Corpus is an R text processing package with full support for international text (Unicode). It includes functions for reading data from newline-delimited JSON files, for normalizing and tokenizing text, for searching for term occurrences, and for computing term occurrence frequencies (including n-grams).
Corpus does not provide any language models, part-of-speech tagging, topic models, or word vectors, but it can be used in conjunction with other packages that provide these features.
Corpus is available on CRAN.To install the latest released version, run the following command in R:
install.packages("corpus")
To install the latest development version, run the following:
tmp <- tempfile()
system2("git", c("clone", "--recursive",
shQuote("https://github.com/patperry/r-corpus.git"), shQuote(tmp)))
devtools::install(tmp)
Note that corpus uses a git submodule, so you cannot use
devtools::install_github
.
Here's how to get the most common non-punctuation, non-stop-word terms in The Federalist Papers:
> term_stats(federalist, drop = stopwords_en, drop_punct = TRUE)
term count support
1 government 825 85
2 state 787 85
3 people 612 85
4 one 544 85
5 new 324 85
6 york 151 85
7 publius 85 85
8 may 812 84
9 states 845 82
10 power 606 82
11 must 446 81
12 can 464 78
13 every 350 77
14 part 226 77
15 constitution 462 76
16 might 322 76
17 general 255 76
18 time 249 76
19 great 291 74
20 public 282 74
⋮ (8631 rows total)
Here's how to find all instances of tokens that stem to "power":
> text_locate(federalist, "power", stemmer = "en")
text before instance after
1 1 …ay hazard a diminution of the power , emolument,\nand consequence …
2 1 …s. So numerous indeed and so\n powerful are the causes which serve to…
3 1 … of a temper fond of despotic power and\nhostile to the principle…
4 2 …der to vest it with requisite powers . It is well worthy\nof consid…
5 2 …head of each the same kind of powers which they are advised to\npl…
6 2 …\nwithout having been awed by power , or influenced by any passion…
7 3 …ment, vested with sufficient\n powers for all general and national …
8 3 … of nations towards all these powers , and to me it\nappears eviden…
9 3 …he wrong themselves, nor want power or\ninclination to prevent or…
10 3 …it will also be more in their power to\naccommodate and settle th…
11 3 …cy of little consideration or power .\n\nIn the year 1685, the sta…
12 3 …ain, or Britain, or any other POWERFUL nation?\n\nPUBLIUS.\n
13 4 … our advancement in union, in power and\nconsequence by land and …
14 4 …t can apply the resources and power of the whole to the\ndefense …
15 4 …\ncombining and directing the powers and resources of the whole, w…
16 5 …h tend to beget and\nincrease power in one part and to impede its…
17 6 … description are the love of\n power or the desire of pre-eminence…
18 6 …nd dominion--the jealousy of\n power , or the desire of equality an…
19 6 …rest of this enterprising and powerful monarch, he\nprecipitated Eng…
20 6 …rprising a passion as that of power or glory? Have there not\nbee…
⋮ (912 rows total)
Here's how to get a term frequency matrix of all 1-, 2-, 3-, 4-, and 5-grams.
> system.time(x <- term_matrix(federalist, ngrams = 1:5))
user system elapsed
2.781 0.123 2.906
This computation uses only a single CPU, yet it still completes in under three seconds.
For a more complete introduction to the package, see the getting started guide and the other articles at corpustext.com.

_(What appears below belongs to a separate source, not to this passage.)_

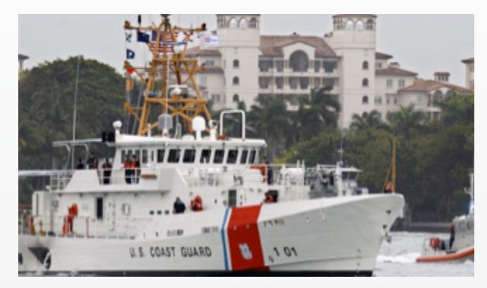
US COAST GUARD 154-FT FAST RESPONSE CUTTER (FRC)

We would welcome the opportunity to present our product and discuss the possibility of using Fortress Anchors aboard the vessels you are currently in the process of designing. I look forward to hearing from you in the near future.

Cite corpus with the following BibTeX entry:
@Manual{,
title = {corpus: Text Corpus Analysis},
author = {Patrick O. Perry},
year = {2017},
note = {R package version 0.10.0},
url = {http://corpustext.com},
}
The project maintainer welcomes contributions in the form of feature requests, bug reports, comments, unit tests, vignettes, or other code. If you'd like to contribute, either
-
fork the repository and submit a pull request (note the nonstandard instructions for building from source);
-
or contact the maintainer via e-mail.
This project is released with a Contributor Code of Conduct, and if you choose to contribute, you must adhere to its terms.
The API and feature set for corpus draw inspiration from quanteda, developed by Ken Benoit and collaborators; stringr, developed by Hadley Wickham; and tidytext, developed by Julia Silge and David Robinson.